Unlike other transactions, refunds will contain a pointer to the original transaction that they correspond to. If the transaction exceeds the Travel Rule threshold, the original event reference id is included in the off-chain payload. Otherwise (ie. in the non-Travel Rule case), the original event sequence number is sent in the on-chain body of the refund transaction. Wallets that receive these refunds can use the reference to the original transaction to provide additional context to the inbound funds.

More information about refunds can be found here. Additional information about transaction serialization can be found here.

Send Payments#

You can send payments using this transaction script.

This script requires the following:

  • The receiving account must have an address. If it doesn’t, the script will be aborted.
  • The accounts must both have a balance (or a zero balance) in the currency specified by CoinType. The zero balance is added when the CoinType currency is authorized for an account. This means if the sending or receiving account doesn’t have a balance (or a zero balance) in the currency specified by CoinType, the transaction will abort.
  • A generic type parameter CoinType specifying the currency to be transferred.
  • A metadata parameter that accepts arbitrary binary data. For most transactions, the metadata should be the subaddress of the Regulated VASP customer receiving the payment. The contents of metadata are emitted in payment events, but are not otherwise inspected on-chain (so using empty or dummy metadata is just fine for testing). As noted above, use of the metadata parameter is subject to certain limitations specified in the Participation Agreement and DPN Rules
  • A metadata_signature parameter used for dual attestation in the travel rule protocol.

Query the blockchain#

Each transaction is designed to emit any number of events as a list. An aborting transaction never emits events, so you can use events to confirm if a transaction has been successfully executed.

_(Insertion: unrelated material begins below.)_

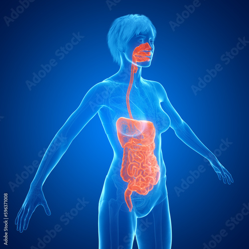 3D Rendered Medical Illustration of Female Anatomy - Digestive tract.

For example, a peer-to-peer payment transaction emits a SentPayment event for the sender’s account and a ReceivedPayment event for the recipient account. The SentPayment event allows the sender to confirm that the payment was sent from their account, while a ReceivedPayment event allows the recipient to confirm that a payment was received in their account. Events are persisted on the Diem Blockchain and you (as a Regulated VASP) can use these events to answer your queries.

More information on event structures, and how they can be queried and the surrounding data in the JSON responses can be found here.

To check for new transactions posted to your account, you need to query the blockchain using the JSON-RPC endpoints.

  • If you are sending the transaction, you query for the transaction’s sequence number.
  • If you are receiving the transaction, you query for the ReceivedPaymentEvent event.